Today my focus is on Mark Kurlansky's Edible Stories, and how food is one of the many bonds that people find as common ground.
This common ground through food is true in fact, fiction -- and in teaching. Years ago, beginning in 2006, I taught college composition courses in a partnership program between Pittsburg State University and a university in Asunción, Paraguay. Then, a year later, I was teaching for partnership between Fort Hays State University and a university in China.
I entered these international teaching assignments feeling a little constrained by international borders and boundaries both real and imagined — by the home universities’ expectations, the host universities’ expectations, the students’ expectations, and by my own expectations.
So to break the ice and better facilitate their education in both essay writing and English language skills, I engaged my students in writing projects that involved sharing their fond memories of food and culture while writing essays and recipes about their favorite cuisines. I had no idea what incredible culinary compositions I was getting myself into!
In Paraguay, students wrote about Bori-Bori, a chicken soup that is served with cornmeal dumplings. I learned that Chipa is a bread made with flour, eggs, and cheese and that Chipa Guasú is cake made with corn and is great with asado. Asado means "barbecue" and that word is used in the same way that "barbecue" is used in English.
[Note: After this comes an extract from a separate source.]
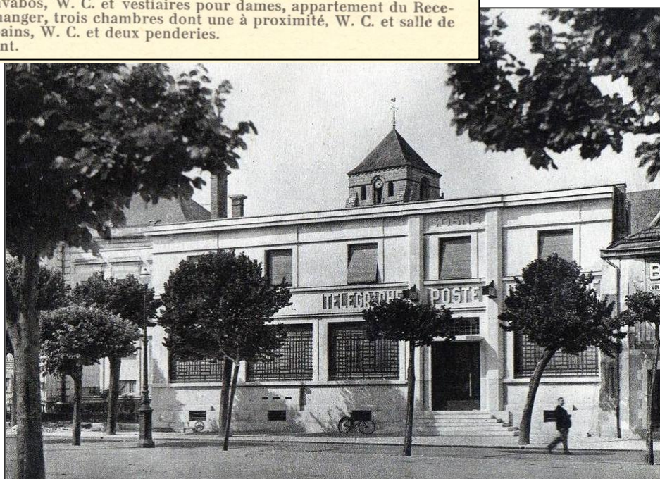
La Poste dans les années 1950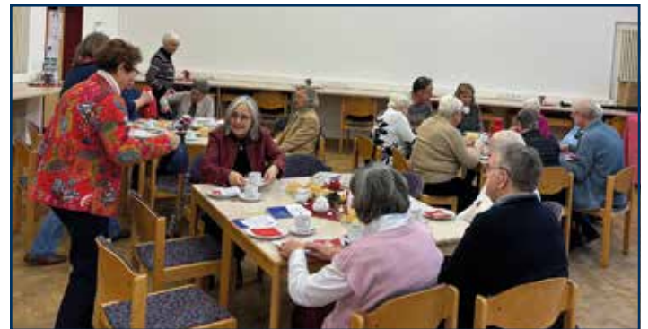
Kaffeetrinken im Gemeindesaal

Lomitos are small sandwiches made with carne asado, and with an an egg inside, became the go-to lunch I often bought from street vendors and ate while walking back to my apartment after classes.
My students in China wrote essays that showed me how Chinese cuisine is as massive and varied as the country and its people.
Cantonese Cuisine, Shandong Cuisine, Jiangsu Cuisine, and Sichuan Cuisine are just a few of many.
I learned through their essays that Chinese cuisines differ by way of availability of resources, climate, geography, history, cooking techniques, and lifestyle.
While one cuisine uses garlic and shallots instead of chili and spices (and vice versa), another uses sea food over farmyard meats or fowl. Jiangsu cooking techniques uses stewing and braising, and Sichuan Cuisine might use a baking method.
All the while these students were writing these essays in Paraguay and China, I was learning centuries' worth of Paraguayan and Chinese culinary culture. But the students also were learning how to write to a new, foreign audience in a second, foreign language. I told them I knew nothing about their food, that I wanted to know everything about their food, and then I showed him how to explain it all to me through academic writing assignments.
Our common ground was the essays that began as a homework assignment and evolved into a cultural culinary cornucopia that offered insight into the perspectives of the people I got to know on opposite ends of the earth.
Just as Mark Kurlansky brings a keen eye and an unerring sense of humanity into his stories, a shared knowledge of food shows just how important of a role what we eat plays in the lives of people everywhere.